In the material below, find the line with "Pierwsze zdjęcie przedstawia" and the line with "4pcs Knitted Headbands", then output those two lines and every line between them, exactly.

• [Provided data]:
━━━━
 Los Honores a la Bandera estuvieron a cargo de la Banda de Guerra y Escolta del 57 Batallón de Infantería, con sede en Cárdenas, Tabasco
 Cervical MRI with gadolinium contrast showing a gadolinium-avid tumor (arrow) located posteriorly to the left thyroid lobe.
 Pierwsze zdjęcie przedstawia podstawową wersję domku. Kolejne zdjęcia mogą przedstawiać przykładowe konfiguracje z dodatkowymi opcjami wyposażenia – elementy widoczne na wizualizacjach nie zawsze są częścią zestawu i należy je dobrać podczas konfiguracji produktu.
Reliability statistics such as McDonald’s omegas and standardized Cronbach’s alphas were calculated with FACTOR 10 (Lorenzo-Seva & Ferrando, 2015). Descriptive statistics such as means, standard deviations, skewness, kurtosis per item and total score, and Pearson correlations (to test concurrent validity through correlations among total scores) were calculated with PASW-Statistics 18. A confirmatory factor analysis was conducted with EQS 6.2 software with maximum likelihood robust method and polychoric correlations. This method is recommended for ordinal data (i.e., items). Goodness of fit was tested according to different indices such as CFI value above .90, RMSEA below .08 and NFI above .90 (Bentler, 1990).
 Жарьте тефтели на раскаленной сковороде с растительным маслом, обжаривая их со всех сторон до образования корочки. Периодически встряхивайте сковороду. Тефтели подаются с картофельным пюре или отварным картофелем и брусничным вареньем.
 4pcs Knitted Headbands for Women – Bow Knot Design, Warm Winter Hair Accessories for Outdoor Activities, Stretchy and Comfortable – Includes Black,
━━━━
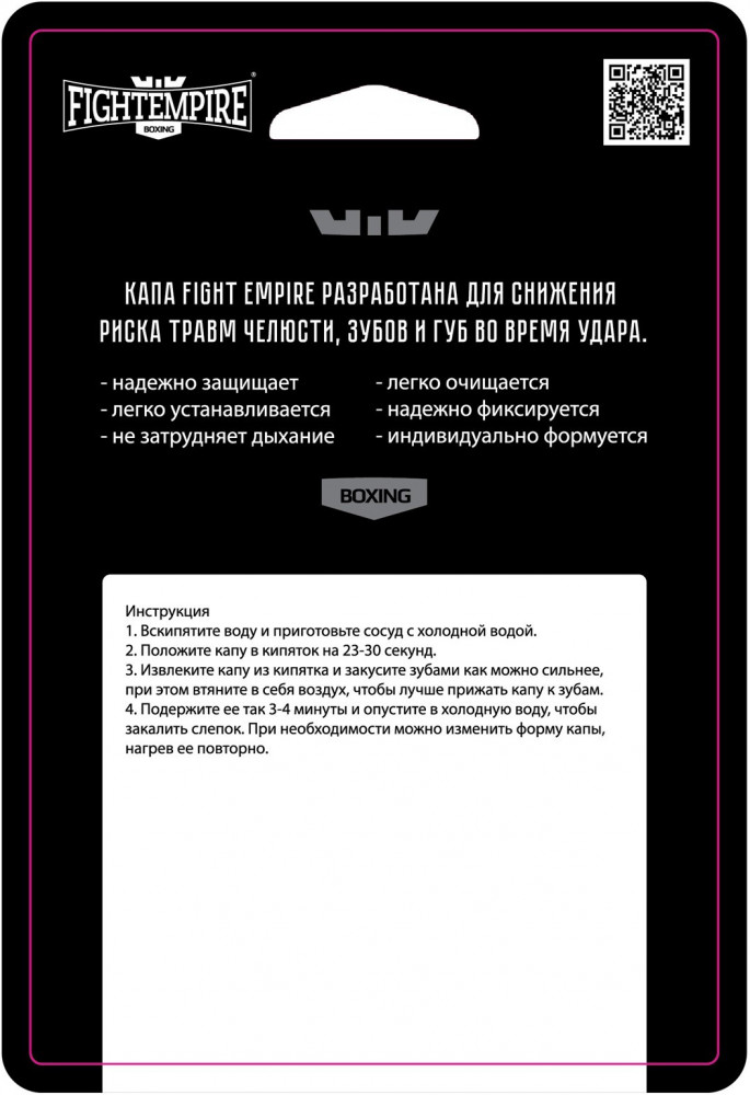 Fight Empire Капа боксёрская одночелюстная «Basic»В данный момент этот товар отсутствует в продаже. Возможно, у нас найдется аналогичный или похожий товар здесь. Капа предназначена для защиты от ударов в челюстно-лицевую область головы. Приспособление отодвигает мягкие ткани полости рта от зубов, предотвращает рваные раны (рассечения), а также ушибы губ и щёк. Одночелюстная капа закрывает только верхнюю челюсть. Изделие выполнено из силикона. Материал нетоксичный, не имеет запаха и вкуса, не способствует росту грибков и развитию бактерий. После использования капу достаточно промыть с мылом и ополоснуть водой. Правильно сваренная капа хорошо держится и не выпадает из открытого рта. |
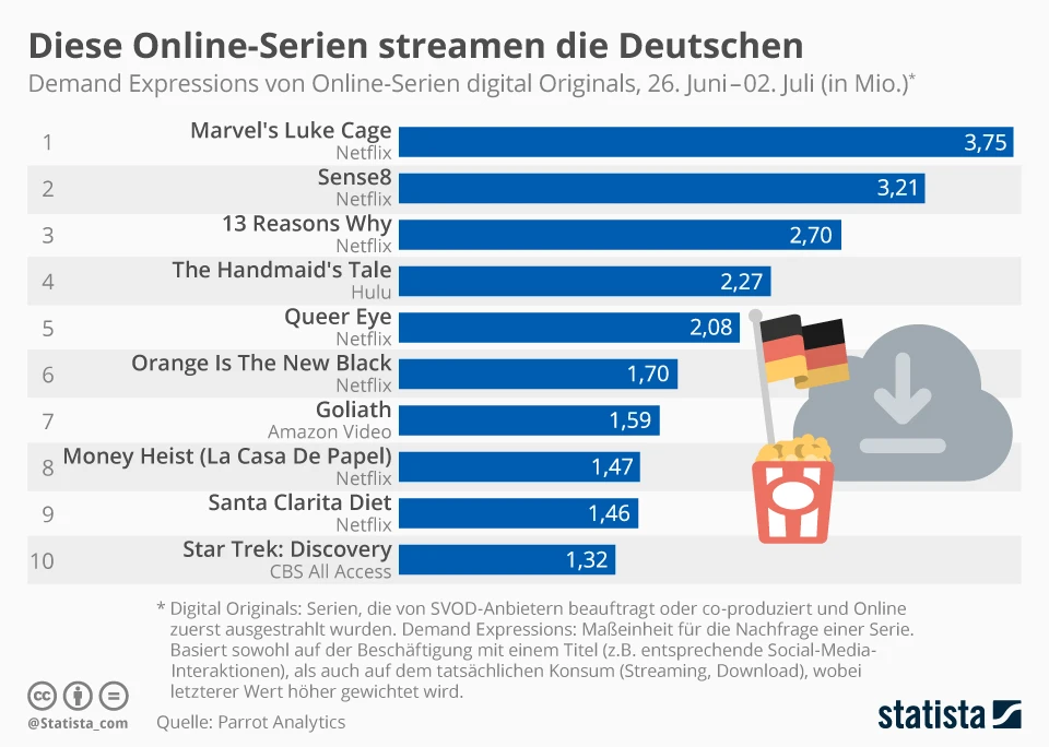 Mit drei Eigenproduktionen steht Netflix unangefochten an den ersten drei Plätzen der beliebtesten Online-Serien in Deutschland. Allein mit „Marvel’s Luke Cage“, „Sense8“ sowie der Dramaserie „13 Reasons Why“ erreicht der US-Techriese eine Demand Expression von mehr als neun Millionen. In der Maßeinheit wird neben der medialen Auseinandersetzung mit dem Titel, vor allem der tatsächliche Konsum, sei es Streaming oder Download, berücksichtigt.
━━━━
• [Written answer]:
 Pierwsze zdjęcie przedstawia podstawową wersję domku. Kolejne zdjęcia mogą przedstawiać przykładowe konfiguracje z dodatkowymi opcjami wyposażenia – elementy widoczne na wizualizacjach nie zawsze są częścią zestawu i należy je dobrać podczas konfiguracji produktu.
Reliability statistics such as McDonald’s omegas and standardized Cronbach’s alphas were calculated with FACTOR 10 (Lorenzo-Seva & Ferrando, 2015). Descriptive statistics such as means, standard deviations, skewness, kurtosis per item and total score, and Pearson correlations (to test concurrent validity through correlations among total scores) were calculated with PASW-Statistics 18. A confirmatory factor analysis was conducted with EQS 6.2 software with maximum likelihood robust method and polychoric correlations. This method is recommended for ordinal data (i.e., items). Goodness of fit was tested according to different indices such as CFI value above .90, RMSEA below .08 and NFI above .90 (Bentler, 1990).
 Жарьте тефтели на раскаленной сковороде с растительным маслом, обжаривая их со всех сторон до образования корочки. Периодически встряхивайте сковороду. Тефтели подаются с картофельным пюре или отварным картофелем и брусничным вареньем.
 4pcs Knitted Headbands for Women – Bow Knot Design, Warm Winter Hair Accessories for Outdoor Activities, Stretchy and Comfortable – Includes Black,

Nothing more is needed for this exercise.